Дмитрий подлил себе заварки, поставил чашку на стол, закурил, невесело глядя в окно.
— По-прежнему надеешься, Дима?
— Какие там надежды! Никаких, Сеня, надежд…
— Тебе бы — жениться все же! Выбрать из своих многочисленных поклонниц…
— Зачем? Чтобы потом тоже «мирно сосуществовать»?
— Не ехидничай.
— Не буду… А знаешь, когда ты сказал, что начисто со стихами кончаешь, я ведь не поверил. Слушаю, киваю, а сам думаю: ни в жизнь не сможет!
— Что делать оставалось? Голову свою жалко было — стена ведь представлялась непробиваемой… Мне недавно рассказали, как Папаша после того нашего и для тебя, думаю, памятного выступления в «техноложке» высказался обо мне. «А этот, сказал, не знает, что можно читать, чего нельзя. Не созрел еще. Пусть позреет…» И подборку мою велел из журнала снять и на всесоюзный семинар молодых не пустил. Помнишь?
— Крутой был мужик, царство ему небесное… А поэт — хороший. Я тут недавно двухтомник его купил — отменные стихи писал иногда, в молодости особенно.
— Бедные редакторы от меня сразу как от черта шарахаться начали!
— Ну, меня и сейчас никто из их брата с распростертыми объятиями не встречает.
— Куда они от тебя денутся, Дима? Погоди еще немного — по пятам бегать будут!
— Пока дожидаешься — сам куда-нибудь… денешься…
— Заговорил! Допивай чай да ступай трудиться. Муза — женщина, а женщины внимания к себе требуют: того и гляди, на сторону пойдет — к более молодым и работоспособным.
— До обеда, тогда…
— До обеда.
Весь остаток недели Семен Сергеевич, каменея в плечах и пояснице, сидел за пишущей машинкой. Календарные выходные, как и следовало ожидать, оказались для работы пропащими, и только проводив в воскресенье после ужина жену на электричку, отвергнув надоевший бильярд и предложение Дмитрия посмотреть очередную индийскую кинодраму, идущую в соседнем Доме отдыха, он вывалил содержимое привезенного с собой портфеля на письменный стол.

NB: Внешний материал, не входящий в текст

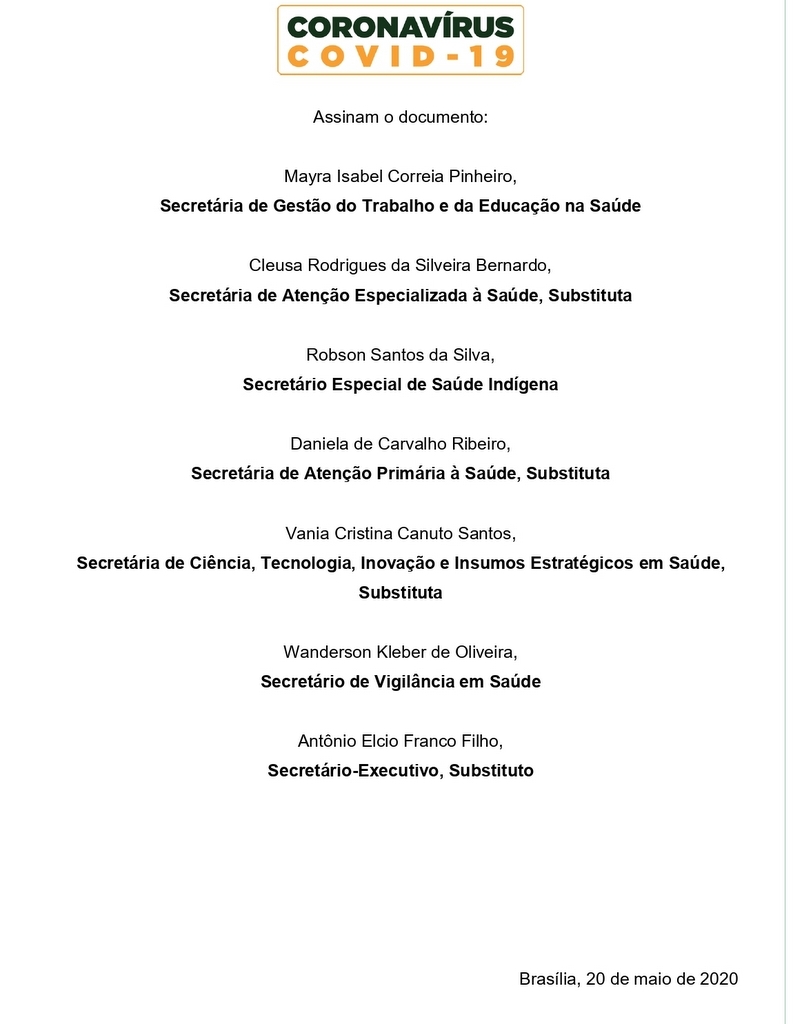 No dia seguinte, 21 de maio, após receber críticas pela falta de assinaturas no protocolo — sequer tinha o logotipo da pasta! –, o Ministério da Saúde divulgou nova versão do documento — com data de 20 de maio — com o nome de todos os secretários da pasta.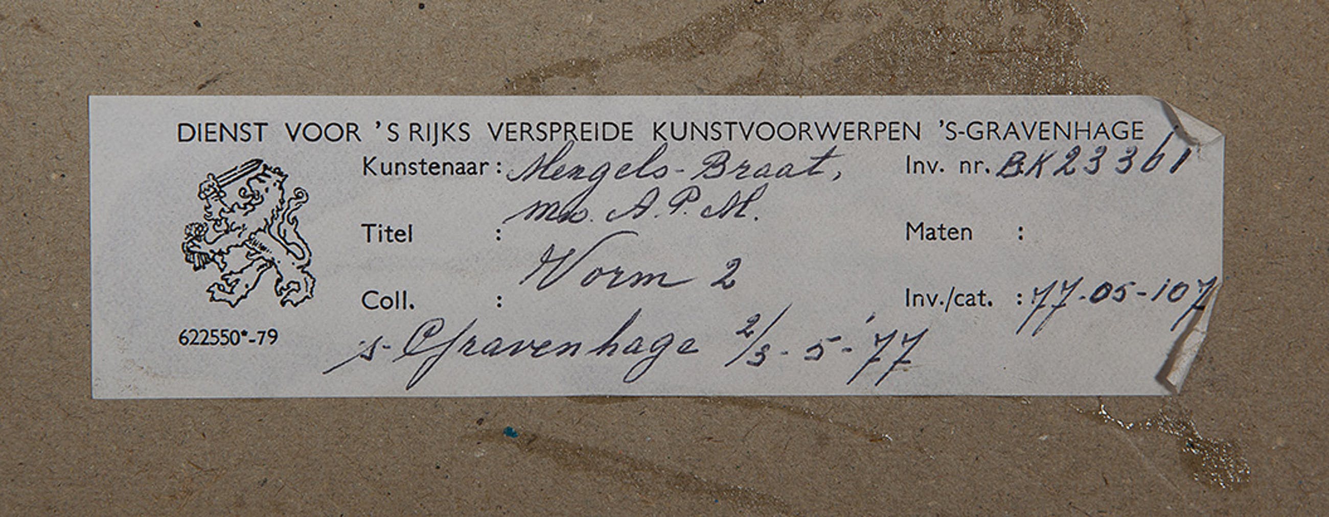 Herkomst: BKR Den Haag (Het kunstwerk is afgevoerd uit de rijkscollectie in 2018)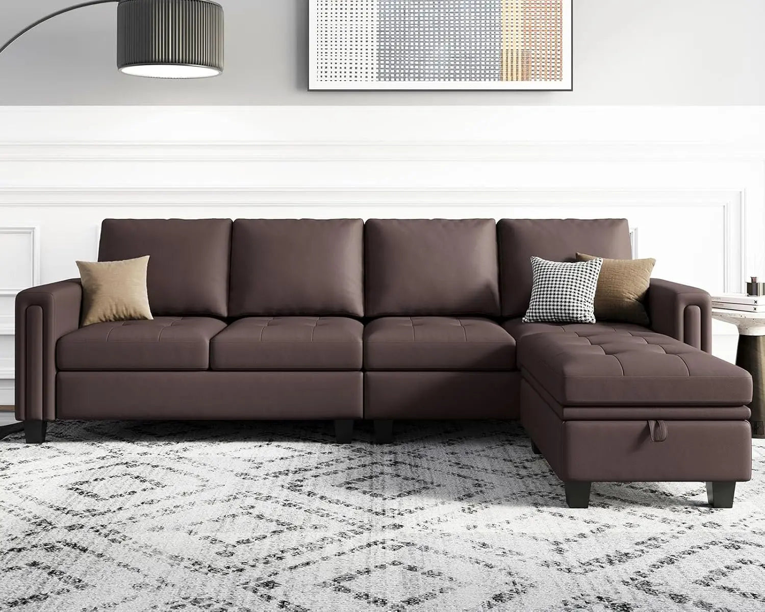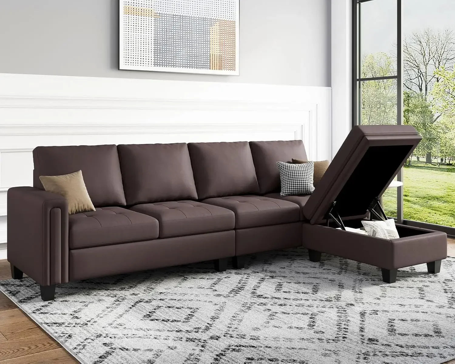Flexible And Removable Storage Ottoman:The Ottoman Of This 4-Seater Sectional Sofa Can Be Moved Freely. It Can Be Connected To The Seat Of The Sectional Couch And Used As A Chaise, Or It Can Be Used Separately From The Sofa As A Footstool And Coffee Table. It Also Has A Storage Function, Where You Can Place Some Daily Necessities To Better Organize Your Home Space.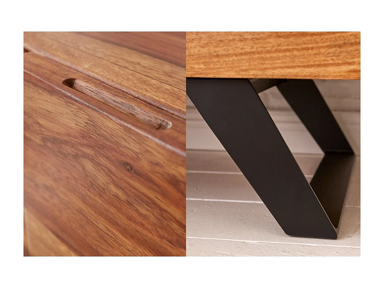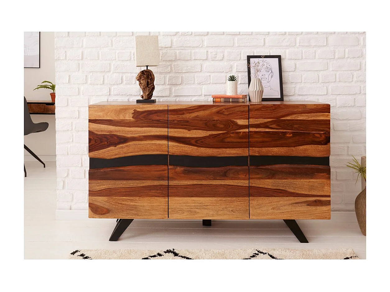 Buffet ORKAN 150 cm – Massief Sheeshamhout en zwart metaal – 3 deuren in industriële stijl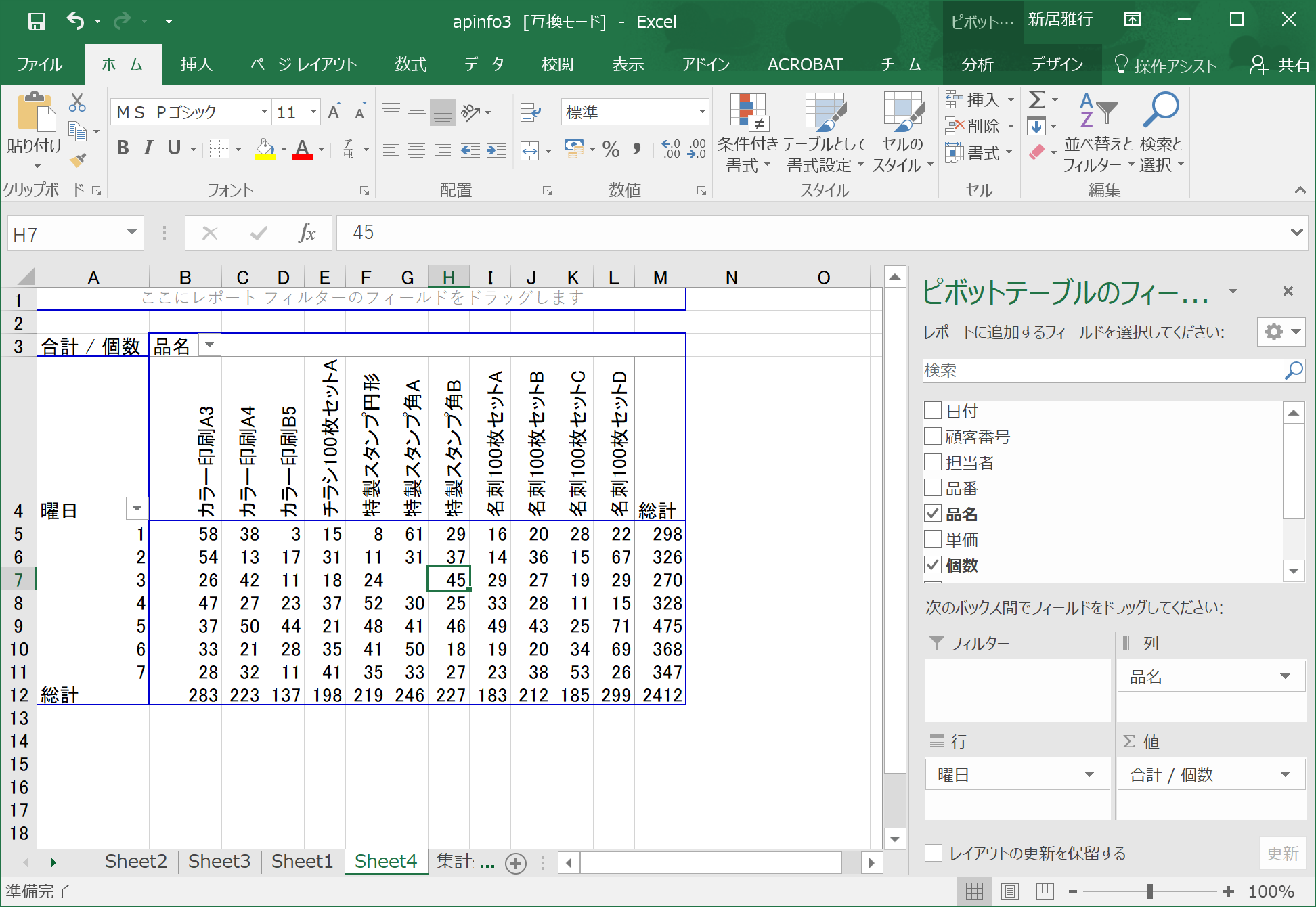 曜日ごとに、各商品が何個ずつ販売されたのかを集計したい。ピボットテーブルを使えばいい。1.5ヶ月分しかないのでちょっとつまらん結果だがいいとしよう

Прежде всего ему хотелось установить хронологию черновиков, разложить записные книжки, блокноты и тетради в той последовательности, как они проходили когда-то через его руки. Но определить по внешнему виду, в какой или в каком из них записал он свое первое стихотворение на первом курсе института (все «творения» школьных лет были сожжены в десятом классе), не удавалось. Зато он точно помнил, где записано последнее. Толстенная канцелярская книга, купленная по случаю и приспособленная под стихи на преддипломной практике, сразу бросалась в глаза. Три года кочевала она с ним, начинающим инженером, по стране и даже по возвращении его к родным берегам была не до конца заполнена. На ней все и завершилось… Ну что ж, хронологию можно устанавливать и от конца.
Семен Сергеевич неторопливо листал страницы книги, одни стихи узнавая по первым же строчкам, другие — прочитывая целиком, вспоминал, по какому поводу, при каких обстоятельствах, в каком душевном состоянии было написано то или иное стихотворение.